Hedemora cock and chicken butts.

body shaping
The leg color of light-skinned birds is usually white, but feathered birds have black, bluish-grey, purplish-gray, or white legs with darker undertones. Yellow-legged has also been reported but tends to be somewhat rare in North American flocks. However, breeders in Sweden report that yellow stems are common.

Straight combs seem to predominate within the group. Combs and wattles are small to medium in size, as part of an adaptation to the country’s cooler climate
that they developed.

egg production
Hedemora hen lays, on average, about 150 small to medium, cream-colored eggs
or light brown eggs every year. Chickens are often known to produce steadily for five years or more. Candace showed one of her little chickens that she was raising, who was five years old and still raises regularly. She told me that the hatching rate and viability of the offspring of these eggs was still very acceptable.

Candace Lylick holding one of her Hedemora chickens.

Both hens and roosters tend to be gentle and docile, but there can always be the occasional quirk, especially with males. Maternal instincts in females tend to vary, depending on the individual birds and the breeds of the family. Because of the soft, warm plumage, females with brooding instincts can incubate greater numbers of eggs than females of other breeds without the heavy plumage.

Candice reports that the birds are excellent summer foragers, but they adapt well to confinement as well as free roaming.

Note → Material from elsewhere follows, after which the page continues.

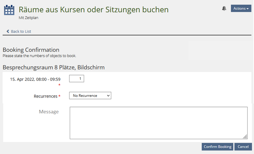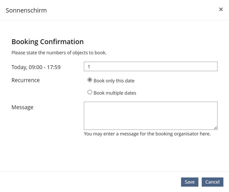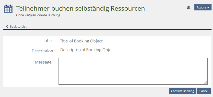 - Booking Pool > Book Object > Confirmation dialogue of booking
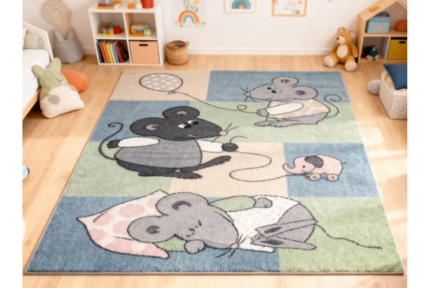 Tento měkký a pohodlný koberec je ideální volbou pro dětský pokojíček. Veselý motiv myšek v kombinaci s hravými barvami přináší do interiéru útulnost a radostnou atmosféru. Rozměr 120×170 cm.

If you are looking for a medium sized, durable and highly adaptable ground
A docile bird that produces eggs for longer than many other breeds, Hedemoras might be worth considering.

Doug Oettinger He lives, works, and writes from his small hobby farm
Northwest Minnesota. Doug’s educational background is in agriculture with an emphasis on Candace Lilick holding one of her chickens. In the science of poultry and birds.